Fransa’da 1 Mayıs, bir yandan ikinci turu 7 Mayıs’ta yapılacak olan cumhurbaşkanlığı seçimlerinin politik ortamında, diğer yandan, 2016’ya damgasını vuran işçi direnişlerinin etkisinde gerçekleşti. Bu tabloda, 1 Mayıs’a sokak çatışmaları damgasını vurdu.
2002 yılında baba Le Pen ile Jacques Chirac’ın ikinci tura kalması üzerine sendika konfederasyonları, faşizme duyulan tepkiyle, milyonlarca işçiyle 1 Mayıs eylemi gerçekleştirmişti. Bu 1 Mayıs’ta da, 7 büyük işçi konfederasyonu, benzer bir 1 Mayıs eylemi düzenlemek için harekete geçti. Ancak Paris’in en büyük iki işçi konfederasyonu olan CGT ile CFDT arasında yürüyüşün sloganı konusunda anlaşmazlık çıktı. CFDT “Le Pen’e karşı Macron’u destekle” sloganını öne çıkarınca, hiçbir aday desteklemeden sadece “Le Pen’e karşı yürüyüş” adını öneren CGT’nin yürüyüşleri ayrıştı, diğer sendikalar da ikiye bölündü.
CGT’nin yürüyüşü sırasında, faşist aday Le Pen’i protesto eden gençler polisle çatıştı. Polisin saldırıları karşısında, gençler de taş, sopa ve Molotof kokteyl ile kendilerini savundular.

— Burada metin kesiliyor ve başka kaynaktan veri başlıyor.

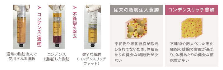 コンデンス(濃縮)技術により生成された良質な脂肪細胞(コンデンスリッチファット)だけを注入することで、しこりなど、術後のリスク回避はもちろん、高い定着率を誇る脂肪注入豊胸術です。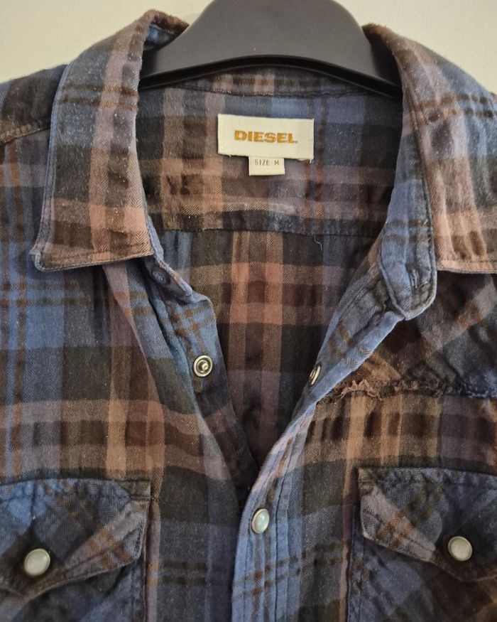 Chemise homme à carreaux Diesel homme bleu et marron taille M 38 - photo numéro 6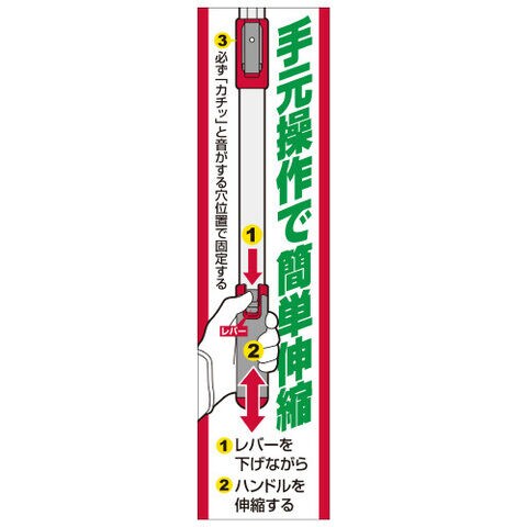 ◆手元のスイッチで楽に操作ができる伸縮ハンドルです。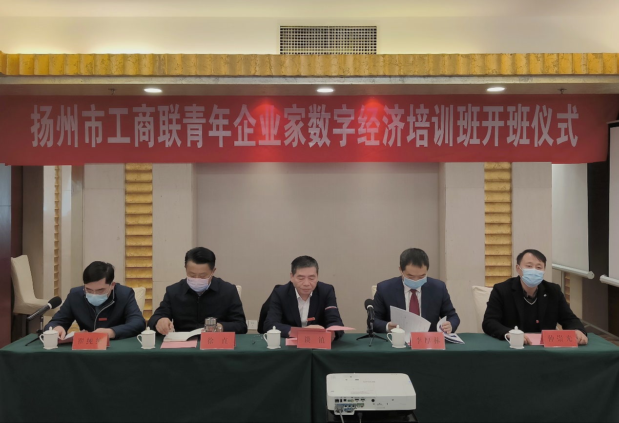 12月13日,扬州市工商联青年企业家数字经济培训班在我校开班。江苏科技大学党委常委、副校长谈镇,扬州市委统战部副部长、工商联党组书记李厚林、扬州市工商联副主席徐直、江苏科技大学继续教育牛彩网 院长仲崇光参加开班仪式,会议由牛彩网 - 牛彩网即时开奖 党委书记翟纯纯主持,扬州社会各界青年企业家代表40余人参加本次培训班。
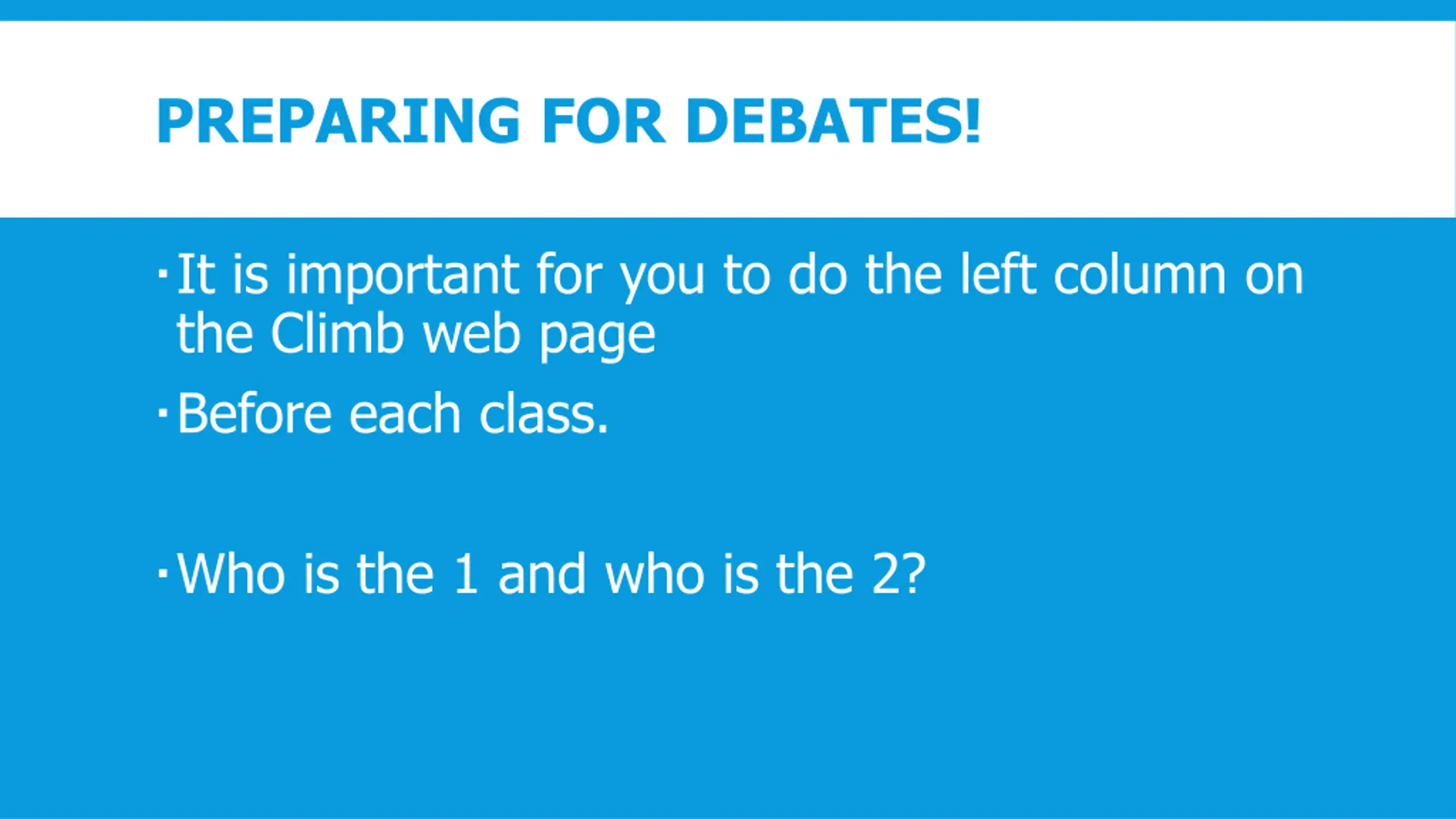 PREPARING FOR DEBATES! It is important for you to do the left column on the Climb web page Before each class. Who is the 1 and who is the 2?

CFDT’nin 1 Mayıs yürüyüşünü Macron’a destek yürüyüşüne çevirme çabası, işçilerin ve gençlerin tepkisini çekti. 2015 yılı sonlarından itibaren gündeme getirilen yeni iş yasası, işçilerin kazanılmış haklarına karşı büyük bir saldırı içeriyordu. Yıllardır hak gasplarına karşı kitlelerin biriken öfkesi, bu yasa karşısında patladı. Günler süren genel grevler, meydan işgalleri, boykotlar vb. ile, kitleler bu yasaya olan tepkilerini ortaya koydular. Ve bu yasanın mimarlarından biri de, ekonomi bakanı olan Macron’du.

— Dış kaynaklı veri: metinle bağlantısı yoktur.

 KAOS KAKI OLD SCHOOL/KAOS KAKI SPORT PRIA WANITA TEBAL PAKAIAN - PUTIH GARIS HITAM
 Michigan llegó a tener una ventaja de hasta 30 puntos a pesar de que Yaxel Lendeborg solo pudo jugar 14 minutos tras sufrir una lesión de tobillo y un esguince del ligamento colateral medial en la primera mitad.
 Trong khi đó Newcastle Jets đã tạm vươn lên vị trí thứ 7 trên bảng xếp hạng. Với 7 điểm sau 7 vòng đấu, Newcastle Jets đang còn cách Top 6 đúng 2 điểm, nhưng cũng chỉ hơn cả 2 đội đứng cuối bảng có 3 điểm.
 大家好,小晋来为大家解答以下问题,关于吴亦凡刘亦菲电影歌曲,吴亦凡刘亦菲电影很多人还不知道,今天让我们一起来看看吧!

Bugün Le Pen’in ırkçı kimliği kitlelerin büyük tepkisini çekiyor. Ancak Macron da, gerçekte kitlelerin onay verdiği bir aday değil. Bu yüzden 1 Mayıs yürüyüşü, her iki adaya karşı, işçi ve emekçilerin daha iyi bir yaşam talepleri üzerinden gerçekleştirildi. Ve kitlelerin tepkisi, polisin saldırıları karşısında direniş olarak kendisini gösterdi.